Testimony before the Taxation Committee on LD 898, An Act To Reduce Student Loan Debt through an Expansion of the Educational Opportunity Tax Credit.
Our state and our country is facing a crisis. The next bubble to pop, is student loans. After graduating and entering the workforce, many college graduates pay a large portion of their income on student loan payments. According to the U.S. Department of Education, the average college graduate incurs more than $29,000 in student loan debt. And that’s a low amount compared to many out there.
This bill will not wave a magic wand over the issue. Much of what needs to be done, should happen at the Federal level, however we can take action in some areas. This bill makes a really small change that could have a major impact on students in our state.
Imagine for a minute you are a graduating senior from a Maine high school. You are contemplating where to attend college. So many great options, most of them not cheap. Come to find out, the program you always wanted, the major of your dreams, isn’t offered at a public institution here in the state. Not the end of the world, so you apply to a school that does offer it in one of our neighboring New England states. Come to find out, you get a reduction in the costs to attend through the Regional Student Program tuition break through the New England Board of Higher Education. Makes the tuition cost between in-state and out-of-state tuition. Fast forward to graduation. Your peers who are graduating from a Maine institution can apply for an income tax credit if they get a job in the state. But you however, even you are lucky enough to get a job here, isn't eligible for the same state income tax credit because you went out of state.
You see I was that student. I wanted to major in broadcast journalism to become a reporter. I tried desperately to try and find a program at the Maine school to stay here, but I couldn't. Moreover, I couldn't afford the named-brand schools with large price tags in more metropolitan areas. I settled on Lyndon State College in Vermont, where they not only had my program, I got the NEBHE tuition break to help reduce my costs. I made the choice to come back to Maine because I wanted to, but I received nothing for doing so while so many of the kids I graduated with from high school were eligible for this tax credit.
We are currently incentivizing students to leave Maine, but are not providing the same incentive as their peers to come back to the state to apply their skills and new found knowledge. For a state that desperately needs a youthful, well educated, and skilled workforce, it seems counterproductive to our state’s interests by continuing the status quo. We are actually doing ourselves a major disservice and losing talented young minds to other states. You can take a major step towards stopping the bleeding. Stopping the brain drain. Pass this bill.
The Maine Educational Opportunity Tax Credit, also known as Opportunity Maine, offers reimbursement to college graduates for student loan payments. Under the current rules, the graduate must have completed an associate or bachelor’s degree in Maine and must work in the state afterwards at the Maine employer or be self-employed through a small business. According to Maine Revenue Services, in 2012, this credit was given to 1,157 students. Students can qualify for over $4,000 in total income tax credits. Not a lot, but enough to make a real difference for people. You will see in the attached brochure the breakdown of the program, application requirements, and monthly benchmark payments.

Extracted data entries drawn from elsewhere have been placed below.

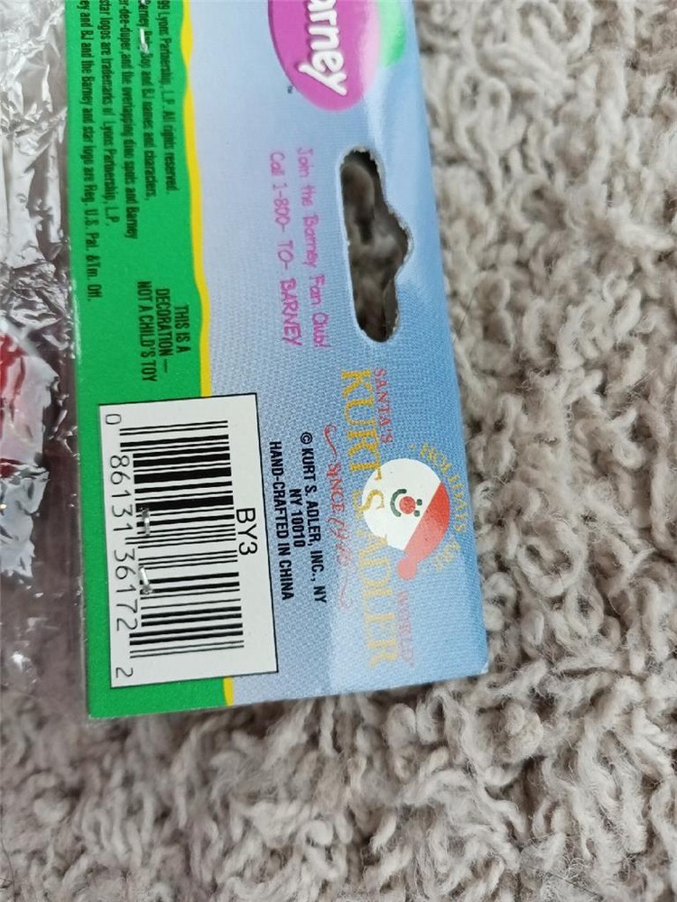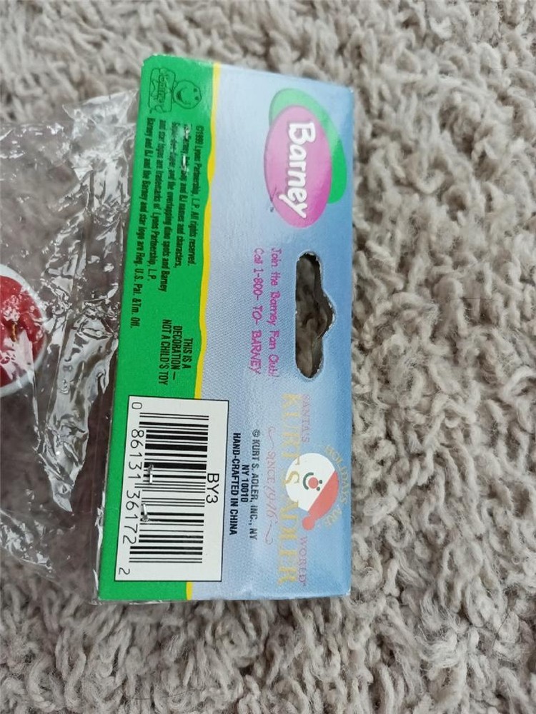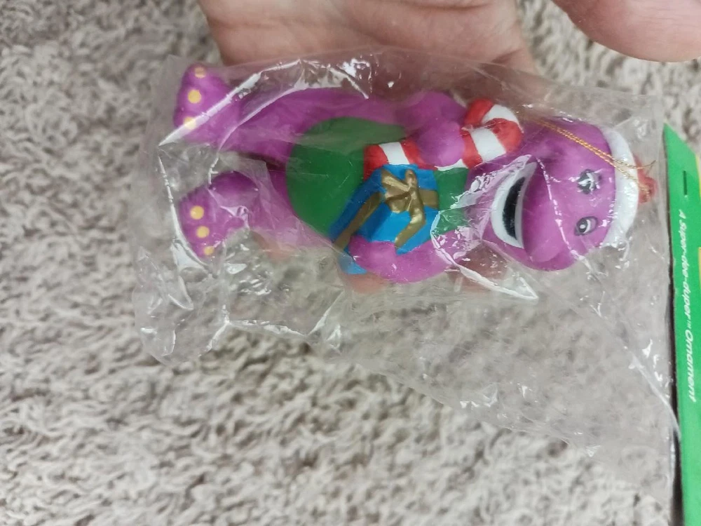 New Barney 1999 Purple Dinosaur Kurt Adler Ornament Ceramic Christmas Santa NRFB New Barney 1999 Purple Dinosaur Kurt Adler Ornament Ceramic Christmas Santa NRFB Click images to enlarge Description You are looking at a New Kurt Adler Barney the Purple Dinosaur Christmas Ornament that is NRFP (never opened or removed etc..). Barney is wearing a Santa hat. He's holding a gift and candy cane. He's breakable (most likely ceramic). From 1999. Part of my aunt's estate and Barney collection. She has a few of these. Super Dee Duper Ornament! This comes from my smoke free and smell free home. He will come securely shipped. I use Click N' Ship so your item goes out quickly. Shipping HOW I ship: USPS First Class or Priority Mail with DELIVERY CONFIRMATION . Priority Mail includes INSURANCE and Delivery Confirmation . Combined Shipping: I LOVE to combine shipping to save you money. I adjust it based on the weight of all of the items together, size of the box (new thing with USPS), and distance. Please contact me for a quote on combined shipping. Speed of Shipping: I SHIP VERY FAST with Click N' Ship. You pay, I print, and my postal carrier picks the item up at my front door. You're not waiting for me to drive to the Post Office, wait in line etc.... IMPORTANT: Once the Post Office has your package, I have no control over what they do or how long it takes them to get it to your door. Tracking is uploaded and you can follow your item daily online on your eBay purchases page. Allow enough time for your item to get to you (especially if it's gift, holiday or a birthday party item). FYI "guaranteed" arrival times by the post office on their website and on eBay are only "estimates" so again, plan accordingly. The ONLY guaranteed speed for USPS is EXPEDITED OVERNIGHT DELIVERY. If you're LOCAL, I appreciate you wanting to save time and me money on shipping. However, most times I cannot meet someone to pick up an item so please accept the shipping terms as going through the Post Office. I do make exceptions on LOCAL if you're near me, or I know you, or the item is LARGE and/or FRAGILE. Terms of Sale I strive to make my buyers happy and offer a return policy on almost all of my auctions with a few exceptions. Please know your sizing ! I give dimensions when selling used clothing to avoid any confusion. Honesty is greatly appreciated. Returns: Items must be returned in the condition in which it was sent. Example: NWT clothing must have the tags on it , cannot be worn or tampered with. I'm the most flexible and easy to work with Ebayer. If there is an issue (which I don't expect there to be) please email me first. About Us I pride myself on being accurate and offering a detail-oriented auction/sale with plenty of pictures. Ebay should be a fun and happy experience for both buyers and sellers. Contact Us Please feel free to contact me through Ebay with any questions. Pictures sell! Auctiva offers Free Image Hosting and Editing. 300+ Listing Templates! Auctiva gets you noticed! The complete eBay Selling Solution. Track Page Views With Auctiva's Counter
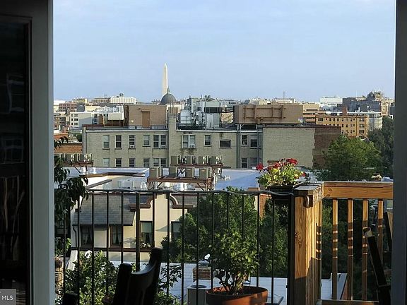This Parisian-style flat located between eclectic Adams Morgan’s 18th Street and elegant and chic Kalorama must be seen in person to be savored appropriately. The Beaux-Arts building, with its classic brick façade and only four apartments per floor, is the very definition of boutique living. Upon entering this home, your eyes immediately try to adjust to the intense light that floods the apartment from the eight large west-facing windows. As your eyes adjust, they are drawn to a set of French doors that face South in anticipation that they open onto a spacious private deck. It is natural and easy to imagine yourself living in such an exquisite, joyous, and light-filled setting. The entryway is an expansive gallery wall perfect for showcasing art or the priceless momentos captured during a life well lived. As you are drawn in towards the light, you will find a generous bedroom large enough to accommodate a desk, hanging bookshelves, and a bureau with plenty of space to spare. Additionally, there is an updated bathroom with serene blue glass shower wall tiles, a timeless marble shower floor, and an encaustic cement bathroom floor reminiscent of Mediterranian mosaics. Advancing toward the well-proportioned open-concept living and dining area, it is easy to look out and get lost in dreams of the dinner parties you could host both inside and outside on the large private deck. With views to the South as far as the eye can see, including a direct sight line to the Washington Monument, perfect for 4th of July gatherings, and National Airport and beyond, you can follow the flight patterns of the planes in the distance as they make their way to and from the airport. It is truly a breathtaking view. An efficient and well-designed kitchen, open to the dining area, with granite counters, an undermount sink, and stainless steel appliances make it possible to see how the dream of entertaining could become a reality. Centrally located to shopping, several nearby grocery stores, public transportation, and absolutely all of the amenities and offerings of an international city, envision yourself living your best life by calling this your home. Even Emily would be jealous!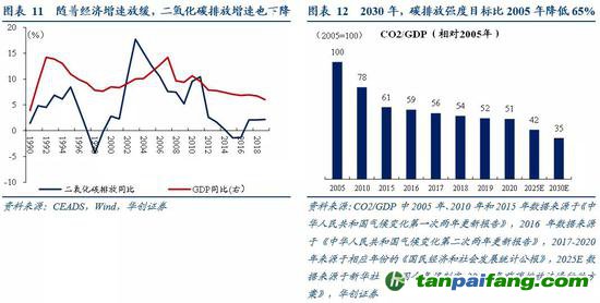 ?。ㄒ唬┛傮w看:未來十年,隨著經(jīng)濟增速中樞繼續(xù)下行,碳排放強度目標(2030年相比2005年碳排放強度降低65%以上)的逐步實現(xiàn),碳排放增速中樞將進一步降低。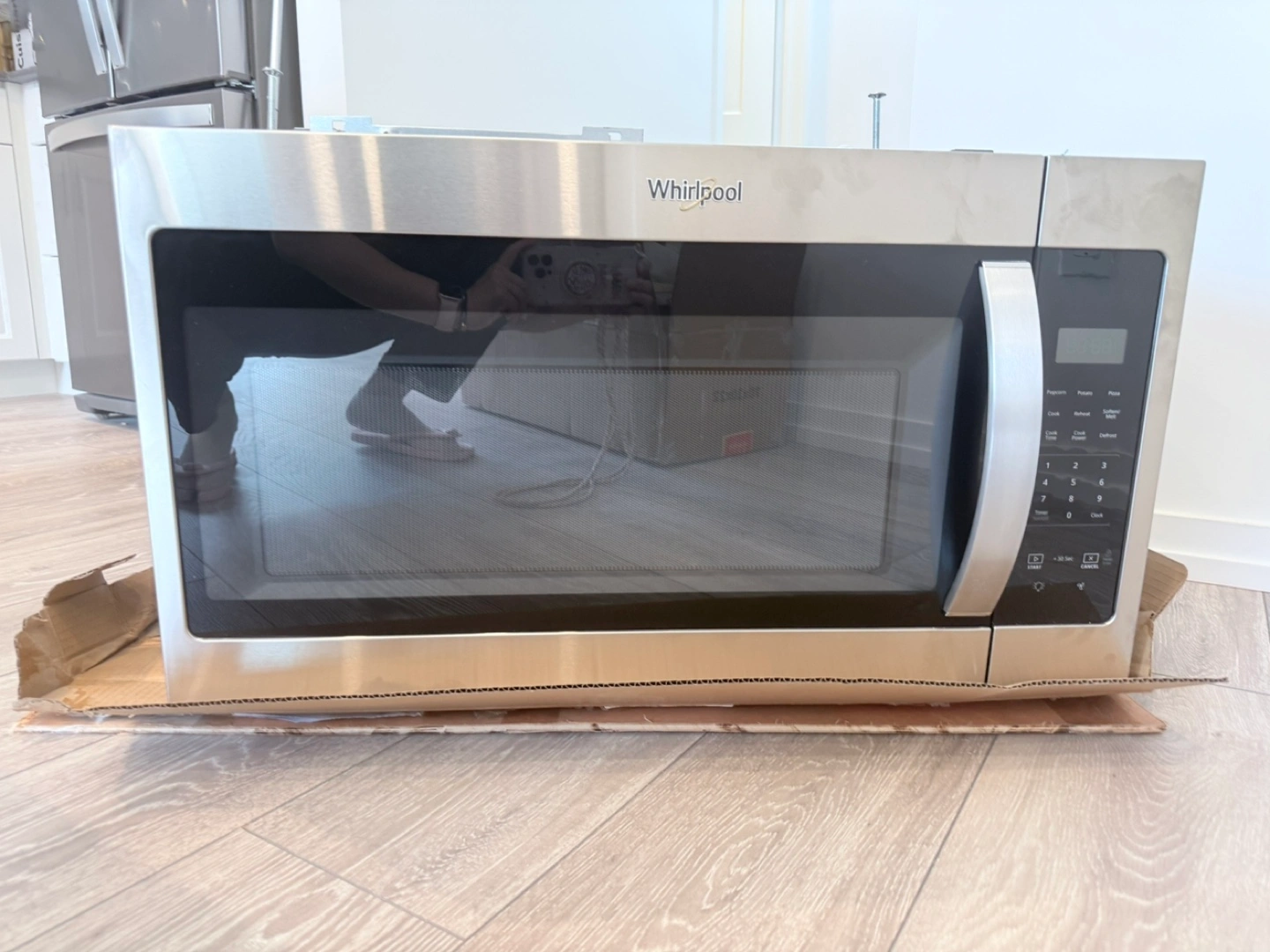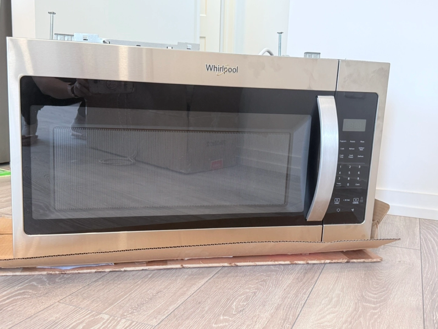 Selling a Whirlpool over-the-range microwave in stainless steel. It's BRAND NEW and ready to heat up your meals! Perfect for saving counter space in your kitchen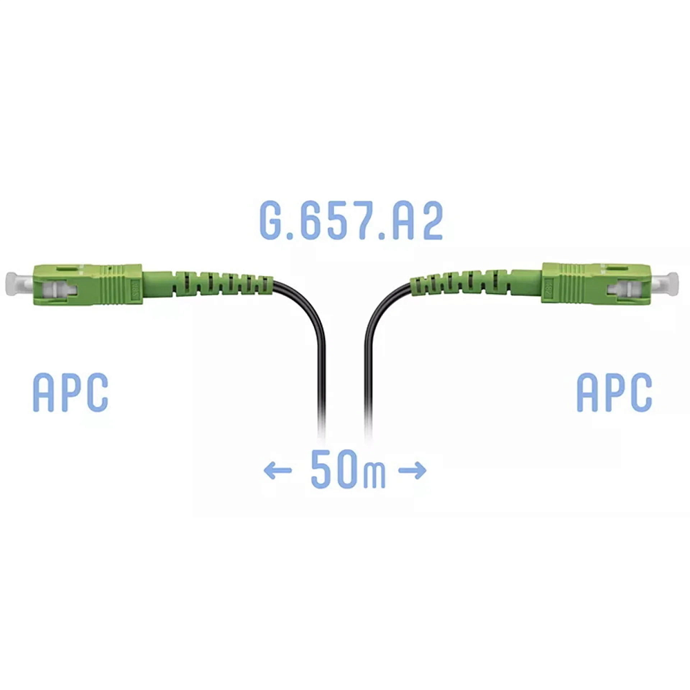 Патчкорд FTTH SC/APC-SC/APC представляет собой отрезок одноволоконного FTTH-кабеля, усиленного двумя стальными проловоками, длиной 50 метров, оконцованный с двух сторон оптическими коннекторами SC, тип полировки - APC (Angled Physical Contact). В данных патчкордах используется одномодовое волокно с уменьшенными потерями на изгибе G.657.A2.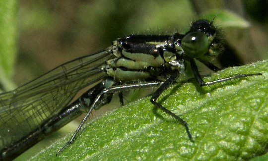 Erythromma najas, Mâles immaturesLes naïades aux yeux rouges mâles immatures sont verts à l'envol. La coloration en bleu sur le second segment abdominal et à l'apex de l'abdomen est très discrète. Les yeux ne se colorent en rouge que tardivement. |

This is a fantastic program that should be expanded to reach more students who by no fault of their own, are trying to better themselves, and come to Maine and make a difference in our local economy. Many students who study elsewhere in New England want to return to Maine. By expanding this tax credit to them, we can ensure that more students return to our state to live and work. This bill would expand the program to students who are pursuing or have pursued a course of study available only at a public institution outside of Maine as part of the New England regional student program. This tuition break, offered by the New England Board of Higher Education, enables thousands of New England residents to enroll at out-of-state New England public colleges and universities at a discount as demonstrated with my own story that is not unlike so many others. Attached you will see the kinds of programs that aren’t offered here that would qualify in New England and for this program. The number of Maine students using the NEBHE tuition break program was estimated at 557 between 2012-2013. Those are the students we are talking about being eligible for the tax credit. We can’t estimate how many new students, who previously did not qualify, will take advantage of the credit, but that’s a minor yet significant number of students who we would be helping.
Due to the fluctuation of students taking advantage of the program, the fiscal note is hard to define. Last session a similar introduced by Rep. Cathy Nadeau was estimated to cost estimated $90,000+ the first year and around $137,000 the second year of the expanded program. While I would argue there are existing funds within the Opportunity Maine program that aren’t being used due to low participation that could be used to handle the increase in students eligible for the program. Last session this bill passed unanimously by this committee, and in both chambers. It failed, however, to get funded by the Appropriations Committee. It is my hope that this time around, we make this a priority. Students are in need of this help and our state needs them. Our state has a high rate of student loan debt that cripples young people’s ability to start their lives and keeps many from attending college. We need to do everything we can to help young Mainers fund the foundation for their futures.